**Recorded information:**
►

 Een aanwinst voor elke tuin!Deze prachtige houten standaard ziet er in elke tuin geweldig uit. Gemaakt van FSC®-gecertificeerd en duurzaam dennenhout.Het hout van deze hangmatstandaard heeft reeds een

◄
►

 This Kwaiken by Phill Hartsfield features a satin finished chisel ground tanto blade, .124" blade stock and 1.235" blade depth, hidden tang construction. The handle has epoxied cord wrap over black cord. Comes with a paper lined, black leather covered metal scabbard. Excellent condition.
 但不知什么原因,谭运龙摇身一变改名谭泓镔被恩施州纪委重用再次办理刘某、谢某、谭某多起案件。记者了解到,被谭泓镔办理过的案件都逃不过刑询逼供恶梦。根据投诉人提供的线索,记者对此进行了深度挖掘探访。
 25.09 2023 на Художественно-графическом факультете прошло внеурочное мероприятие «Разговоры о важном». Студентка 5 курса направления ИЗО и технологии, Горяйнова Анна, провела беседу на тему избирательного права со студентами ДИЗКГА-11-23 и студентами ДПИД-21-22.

◄
►

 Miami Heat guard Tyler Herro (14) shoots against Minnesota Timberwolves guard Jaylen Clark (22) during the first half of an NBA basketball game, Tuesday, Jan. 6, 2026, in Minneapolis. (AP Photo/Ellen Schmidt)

◄

Taking the entries above, print exactly the lines starting at the line with "但不知什么原因,谭运龙摇身一" and ending at the line with "25.09 2023 на", both included.

**Answer below:**
 但不知什么原因,谭运龙摇身一变改名谭泓镔被恩施州纪委重用再次办理刘某、谢某、谭某多起案件。记者了解到,被谭泓镔办理过的案件都逃不过刑询逼供恶梦。根据投诉人提供的线索,记者对此进行了深度挖掘探访。
 25.09 2023 на Художественно-графическом факультете прошло внеурочное мероприятие «Разговоры о важном». Студентка 5 курса направления ИЗО и технологии, Горяйнова Анна, провела беседу на тему избирательного права со студентами ДИЗКГА-11-23 и студентами ДПИД-21-22.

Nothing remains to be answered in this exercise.